Mark out the position of the hole using a grease pen or permanent marker. The minimum distance from the edges is 1.5 times the required diameter of the borehole. Further information on marking out the drill hole position is available in the brochure Machining PLEXIGLAS®.

© Röhm GmbH – Acrylic Products / Photo: Stefan Wildhirt

3

Clamp the sheet to the base

For accurate drilling, first, lightly secure the sheet with clamps or screw clamps to a firm, level base, of wood, for example; this could be a workbench or table. Before each drilling session clean the base so that no sharp-edged parts project from it. You may also clamp the material in a bench vice with protective jaws. Align the workpiece accurately before clamping it.

© Röhm GmbH – Acrylic Products

4

Set rotational speed

Many drills have the option to set the rotational speed. For neat results, working with a low rotational speed is recommended. As a rule of thumb: the greater the diameter of the borehole, the lower the rotational speed. Further information on cutting parameters is available in the diagram and the brochure Machining PLEXIGLAS®. You can also try out the appropriate settings on a practice piece (see also step 5).

© Röhm GmbH – Acrylic Products / Photo: Stefan Wildhirt

5

Check rotational speed

The shavings produced while drilling indicate whether the rotational speed is correct. The images show the influence of rotational speed or cutting speed and feed rate on the quality of the drill hole, in this case with a PLEXIGLAS® sheet.

Above: optimal rotational speed and correct feed rate: smooth drill hole surface, smooth, continuous chip.
Center: rotational speed and/or feed rate too high: crumbly chip, rough drill hole.
Below: rotational speed and/or feed rate too low: overheating, drill hole shows signs of degradation, fused chip.

© Röhm GmbH – Acrylic Products / Photo: Stefan Wildhirt

6

Align drill bit

Place the drill bit on the marking indicated and drill briefly. In this way you can check the position of the borehole.

© Röhm GmbH – Acrylic Products / Photo: Stefan Wildhirt

7

Drilling

Switch on the drill before starting to drill.

Important: Shortly before drilling through the sheet, you should reduce the feed rate to prevent chipping.

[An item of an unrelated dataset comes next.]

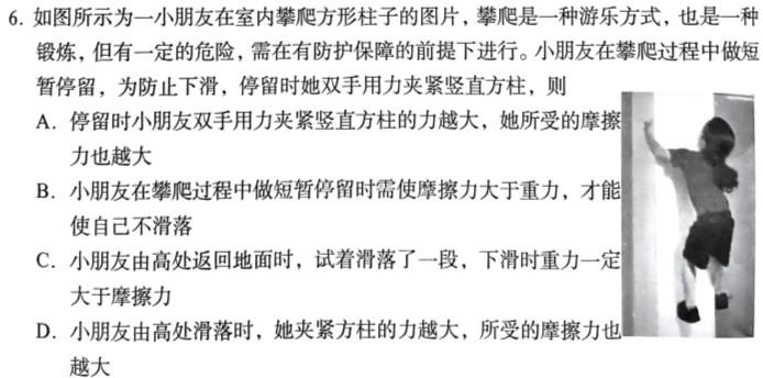 6.如图所示为一小朋友在室内攀爬方形柱子的图片,攀爬是一种游乐方式,也是一种锻炼,但有一定的危险,需在有防护保障的前提下进行。小朋友在攀爬过程中做短暂停留,为防止下滑,停留时她双手用力夹紧竖直方柱,则A.停留时小朋友双手用力夹紧竖直方柱的力越大,她所受的摩擦力也越大B.小朋友在攀爬过程中做短暂停留时需使摩擦力大于重力,才能使自己不滑落C.小朋友由高处返回地面时,试着滑落了一段,下滑时重力一定大于摩擦力D.小朋友由高处滑落时,她夹紧方柱的力越大,所受的摩擦力也越大
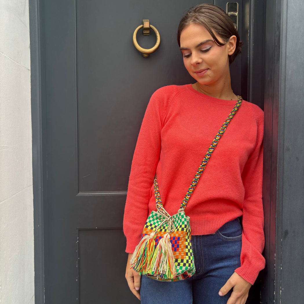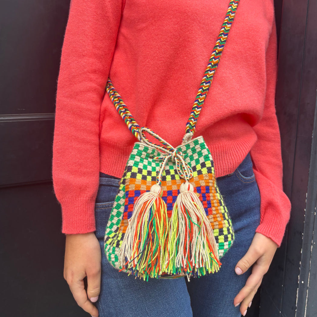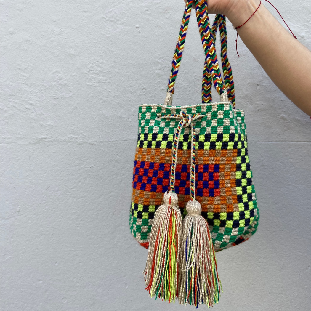 Every bag is handmade with a uniqueness, each collection lets us travel through a sea of colours, patterns and shapes. Guanabana wants to tell new stories through weaving in Colombia, designing in Madrid and hand made by Wayuu artisans who crochet and make our hand bag dreams a reality! Finished with two pompoms and a bronze medal with the words BE POSITIVE. Exactly what we like to hear!

© Röhm GmbH – Acrylic Products / Photo: Stefan Wildhirt

8

Airing and cooling

For material thicknesses greater than 5 mm the drill bit should be regularly cooled down to prevent overheating. This is done by raising it briefly. You should also cool the drill hole. This is best done with water, which you fill into a wash bottle. Spray water into the hole at regular intervals. This is especially important for drill bits where shavings accumulate fast, such as when using spade drill bits.

© Röhm GmbH – Acrylic Products / Photo: Stefan Wildhirt

9

Deburring the borehole

You should deburr the borehole on both sides, using a countersink; in this way the small notches arising during boring are prevented. For relatively large drill hole diameters you can use a scraper for deburring.


Tips and additional notes

  • Shavings or dust form during drilling; we therefore recommend that you take appropriate protective measures.
  • Remove the masking film only when all work steps are complete.
  • Do not touch the shavings or the borehole immediately after drilling as they may still be hot. Be careful when removing shavings.